(DATASET):
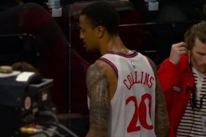 科林斯搶籃板和大洛撞到一起 膝蓋有點(diǎn)受傷回更衣室了
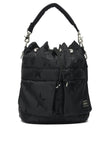 Porter Yoshida "Flag" handbag made of shiny, tightly woven nylon jacquard fabric laminated with cotton for a soft, lightweight texture. The compact silhouette features an adjustable and removable shoulder strap, and a detachable handle for dual use. The Porter logo and star pattern are integrated into the surface, creating a three-dimensional effect according to the direction of light. The main compartment opens sideways via a zipper.
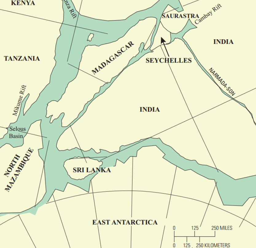 The rift jump coincided with the maximum output of the Deccan Traps and granitic-volcanics found on the Seychelles Plateau.
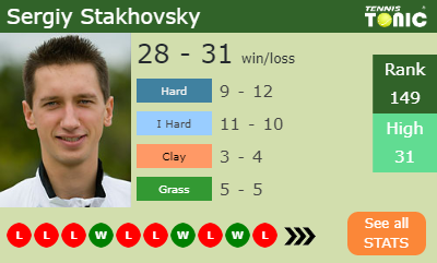 Stakhovsky has a 28-31 win-loss record in 2019, 11-10 on I.hard (See FULL STATS).
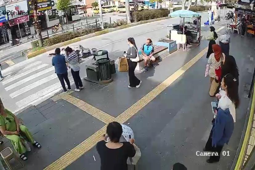 Çarpmanın şiddetiyle yola savrulan anne ve kızının yardımına çevredeki vatandaşlar koşarken, kendisi de yola savrulan motosiklet sürücüsü ayağa kalktıktan sonra çevredekilerin şaşkın bakışları altında motosikletine binerek olay yerinden uzaklaştı. Kazada yaralanan anne ve kızı 112 sağlık ekiplerinin olay yerindeki müdahalesinin ardından ambulansla hastaneye kaldırılırken hayati tehlikelerinin bulunmadığı bildirildi.

(THE TASK): From the first line to the last, retype the data exactly, without images.

(YOUR RESPONSE):
 科林斯搶籃板和大洛撞到一起 膝蓋有點(diǎn)受傷回更衣室了
 Porter Yoshida "Flag" handbag made of shiny, tightly woven nylon jacquard fabric laminated with cotton for a soft, lightweight texture. The compact silhouette features an adjustable and removable shoulder strap, and a detachable handle for dual use. The Porter logo and star pattern are integrated into the surface, creating a three-dimensional effect according to the direction of light. The main compartment opens sideways via a zipper.
 The rift jump coincided with the maximum output of the Deccan Traps and granitic-volcanics found on the Seychelles Plateau.
 Stakhovsky has a 28-31 win-loss record in 2019, 11-10 on I.hard (See FULL STATS).
 Çarpmanın şiddetiyle yola savrulan anne ve kızının yardımına çevredeki vatandaşlar koşarken, kendisi de yola savrulan motosiklet sürücüsü ayağa kalktıktan sonra çevredekilerin şaşkın bakışları altında motosikletine binerek olay yerinden uzaklaştı. Kazada yaralanan anne ve kızı 112 sağlık ekiplerinin olay yerindeki müdahalesinin ardından ambulansla hastaneye kaldırılırken hayati tehlikelerinin bulunmadığı bildirildi.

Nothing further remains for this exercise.